"Burak nasılsın?"dedim sesimin titremesini umursamadan.
"Beril sen iyi misin?"dedi elini alnıma götürerek.
Dokunmasından rahatsız olmuşum gibi
"Evet."dedim elini alnımdan düşürmesini bekleyerek.
"Tamam."dedi elini indirerek.
"Ne oldu Beril?"
"Burak benim sana önemli bir şey söylememek gerek.Ama bizim çocukların haberi olmasın."
"Tamam,seni dinliyorum."
Ellerimle saçlarımı düzelttim.Gözüm karşı masadaki gazete okuyan bir adama ilişti.Adam kafasını hafifçe gazeteden çıkarınca onun Bora olduğunu anladım.Şaşkınlıkla gözlerimi büyüttüm.Bora da telaşlanmış gibi yaparak eliyle sus işareti yaptı.Uzun süre Bora'nın olduğu tarafa bakınca Burak da baktığım yere bakarak "Ne oldu?"dedi.
"Dalmışım öyle."
"Bir şey diyecektin."
Bora dediklerimi duyacak mesafede olduğu için söylemem zorlaşıyordu.
"Şey diyecektim."
"Ne?"
"Bu haftasonunu beraber mi geçirsek."
Burak sırıtmaya başladı.
"Bu kadar önemli olan bu muydu?"
"Ama çocuklar işte."
"Tamam tamam."
"Gidiyor muyuz?"
"Tamam,gidiyoruz."
Uzun süre havadan sudan konuştuktan sonra kafeden ayrıldık.
Burak beni eve bıraktıktan sonra onun gitmesini bekledim ve Bora'yı aradım.
"Bora neredesin?"
"Aynı kafedeyim."
"Geliyorum."
"Bekliyorum."
Telefonu kapattım ve kafeye doğru yürümeye başladım.Bora ben gelince gülümsemeye başladı ve kafasındaki rol icabı şapkasını kaldırdı.Masaya hızlı adımlarla yürüdüm ve şapkasını çıkarıp masaya sertçe koydum.Sandalyemi çekmek süratiyle harakete geçince "Bana bak senin romantiklik anlayışına ekmek banarım."
"Tamam ben sadece seni seviyorum."
"Ben de sana bayılıyorum."dedim gözlerimi devirerek."
"Ne oldu özlendim herhalde."
"Ne özlenmesi ya Burak'la buluşuyorum ve gizlice dinleniyorum.Bir sal artık ya."
"Denk gelmiş."
"Bora elinde gazete kafanda şapka gözünde gözlükle beni gözetliyorsun ve benim buna inanmamı mı bekliyorsun?"
"Tamam sadece sizi o kafeye girerken gördüm ve..."
"Ve bizi dinlemek istedin."
"Tam olarak öyle değil."
"Bora gerçekten sıkmaya başladın."
"Beril üzgünüm ama seni başka bir erkekle görmeye dayanamıyorum."
"Burak seni orada görseydi ben bile kurtarma girişiminde bulunmazdım emin ol."
"Senin için bunu bile göze alabiliyorum."
"Ama ben seninle kendimi göze alamıyorum."
"Ben bunun için çabalıyorum."
"Konuyu nasıl buraya getirdin?Her şeyde kendini düşünmenden sıkıldım.Ben ben ben ben.Sen değil Bora.Senin dışında insanlar var.Sadece senin duyguların yok ya da her şey senden ibaret değil.Ya da kimse göründüğü gibi değil.Bir insan gülüyorsa mutlu,ağlıyorsa üzgün demek değil.Sen duygularını söyleyebiliyorsun.Ya söyleyemeyenler?Bu yüzden Bora,sadece sen değilsin."
"Evet ben değil biziz."
"Bora peki bizim dışımızdakiler.
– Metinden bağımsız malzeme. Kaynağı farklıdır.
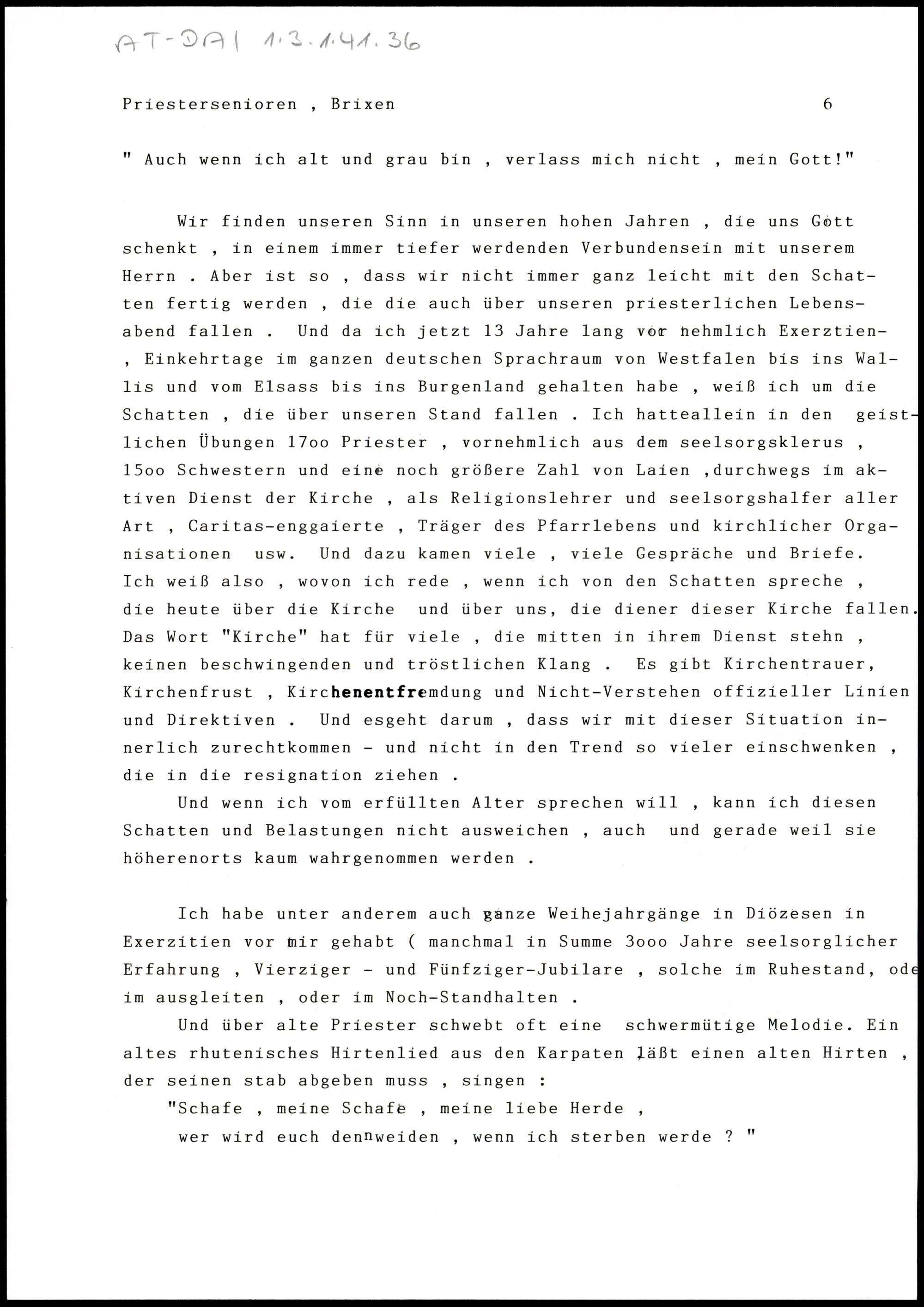 "Auch wenn ich alt und grau bin, verlass mich nicht, mein Gott!"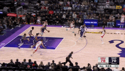 次节比赛,史密斯三分命中,阿门上篮得手,杜兰特跳投连中扩大领先。国王迅速回应,雷诺上篮命中,施罗德快攻上篮得分,克利福德两分跳投命中紧咬比分。伊森和谢泼德连续命中三分!国王队德罗赞两分跳投、三分命中连追分数,申京多次突破扣篮和空切上篮得分,杜兰特命中三分,穆雷突破上篮得分,申京两罚全中,威少命中三分。随后阿门完成暴扣,谢泼德造成压哨犯规三罚全中,火箭队68-57领先国王队结束上半场。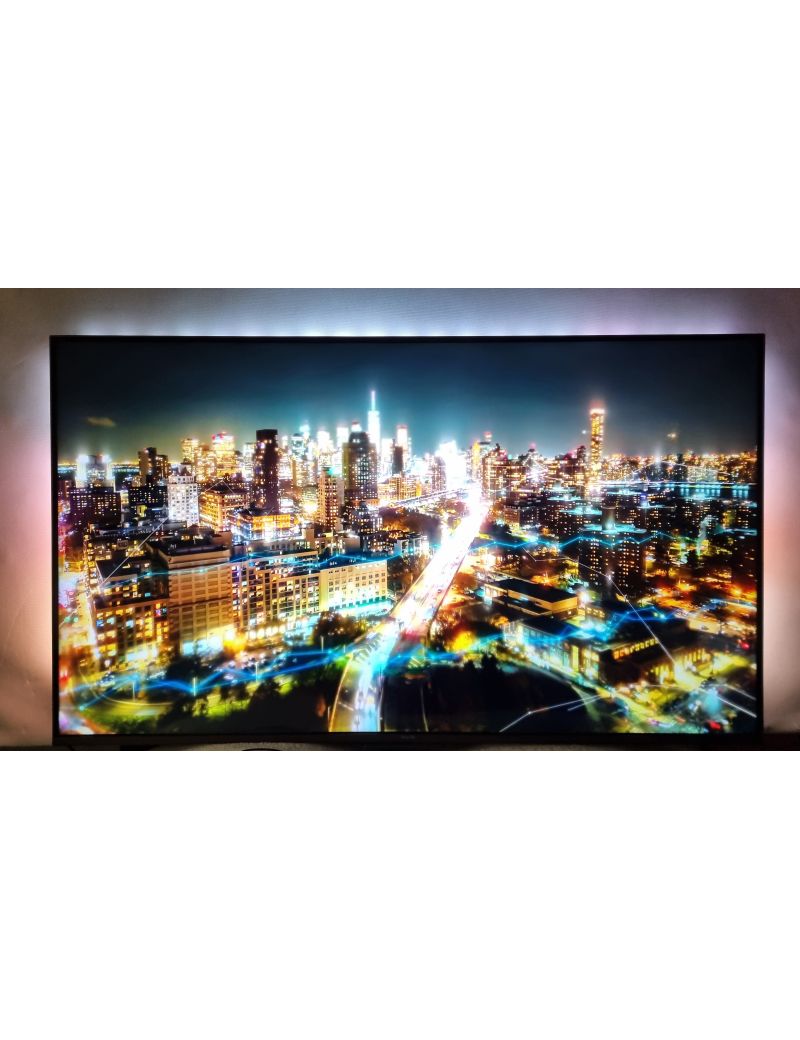 Niezwykłe wrażenia wizualne dodatkowo potęguje charakterystyczna dla Philips technologia Ambilight. Emitowane za ekranem światło dynamicznie dopasowuje się do wyświetlanej treści, tworząc unikalną atmosferę i wizualnie rozszerzając obraz poza ramy ekranu. To innowacyjne rozwiązanie wciąga widza w sam środek akcji i sprawia, że każda scena staje się jeszcze bardziej angażująca.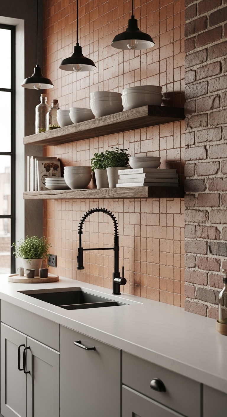 Layer warm tones against it — terracotta, camel, deep forest green, or navy all sing against brick. Hang oversized framed art in bold, graphic prints. Add trailing plants on floating shelves that let greenery drape down the brick face. Warm-toned Edison bulb fixtures bring out the red and orange in the brick and create an evening atmosphere that feels straight out of a boutique hotel.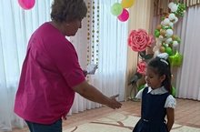 Ежегодно в нашем саду проводится акция "Помоги собраться в школу". Заведующий детского сада поздравила первоклассницу сотрудницы и пожелала успехов в учебе.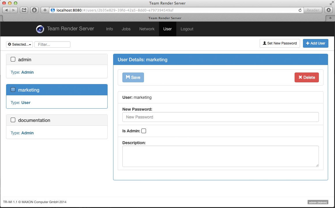 Une fois l'utilisateur ajouté, il/elle pourra se connecter au serveur Team Render grâce aux informations fournies (adresse navigateur : voir Interface du navigateur) et pourra réaliser des rendus.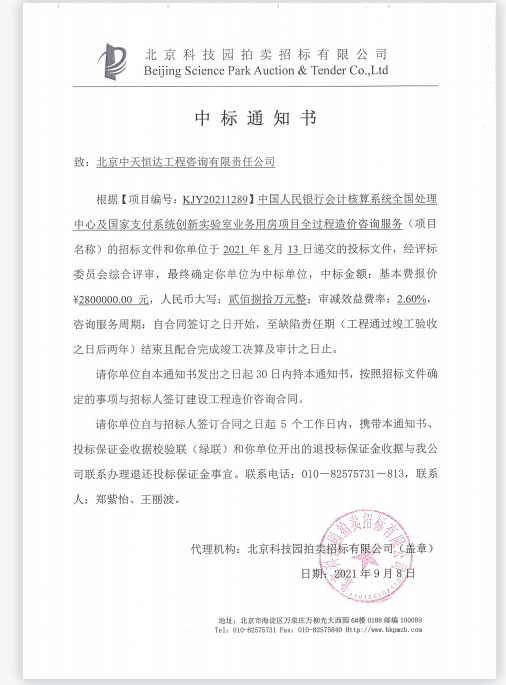近日,工程七部收獲“秋天的第一個(gè)中標(biāo)喜訊”,有幸中標(biāo)中國(guó)人民銀行會(huì)計(jì)核算系統(tǒng)全國(guó)處理中心及國(guó)家支付系統(tǒng)創(chuàng)新實(shí)驗(yàn)室業(yè)務(wù)用房項(xiàng)目全過(guò)程造價(jià)咨詢(xún)服務(wù)。

Arkadaşlarım,ailem...Onlar yok değil mi?"
"Hepsi var ama onlar bizim çevremiz....bizim."
"Bora sen kendini nasıl tanımlarsın?"
"Cesur."
"Ben bencil diye tanımlarım.Ayrıca Bora neden cesur dediğini söyler misin?"
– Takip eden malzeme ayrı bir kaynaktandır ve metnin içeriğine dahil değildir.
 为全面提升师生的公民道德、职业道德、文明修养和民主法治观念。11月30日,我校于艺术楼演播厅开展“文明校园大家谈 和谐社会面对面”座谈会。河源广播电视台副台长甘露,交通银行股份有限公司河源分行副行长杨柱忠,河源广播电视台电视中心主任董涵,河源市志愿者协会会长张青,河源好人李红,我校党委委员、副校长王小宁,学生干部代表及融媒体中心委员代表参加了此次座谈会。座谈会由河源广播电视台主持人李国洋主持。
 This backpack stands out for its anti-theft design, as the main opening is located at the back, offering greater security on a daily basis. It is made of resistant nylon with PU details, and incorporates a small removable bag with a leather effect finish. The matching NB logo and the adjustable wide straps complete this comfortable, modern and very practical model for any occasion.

"Çünkü seni sevdiğimi söyledim.Bence en büyük cesurluk."
"Peki ya söyleyemeyenler?Onlar korkak mı oluyor?Sırf karşısındaki üzülmesin diye susanlar.Ya o beni sevmez diye hep içinde sevenler?Bence ne sen cesursun ne onlar korkak.Beni uzaktan sevmeyi göze alabiliyor musun?"
"Asla,ben dayanamam.Dayananlar zaten benim kadar sevemez Beril.Çünkü ben dayanamadım."
"Bak işte insanlar bunu yıllarca yaşıyor.Ve uygun zamanı bekliyorlar."
"Beril ben sizi hep izledim.Sadece izledim.Sanki bir anda sevip hemen yanına gelmedim.Ama korktum.Aynı söyleyemeyenler gibi...Belki başka birini seversin diye daha da bekleyemedim."
"Demek bu korkaklık değilmiş.Ya beni sevmezse diye bekleyememekmiş."
"Ama pişman değilim biliyor musun?Çünkü şu an seninle aynı kafedeyim.Aynı masadayım.Seninle daha çok görüşüyorum.İlerde daha çok görüşeceğiz.Sen seni seviyorum diyene kadar."
"Bora seni seviyorum."
Bir anda Bora'nın gözü bizim Burak'la sabah oturduğumuz masaya takıldı.Arkama döndüğümde ellerini şakaklarına koymuş Burak'la göz göze geldim.
Sanırım bu durum istenilse dahi yaşanamayacak türden...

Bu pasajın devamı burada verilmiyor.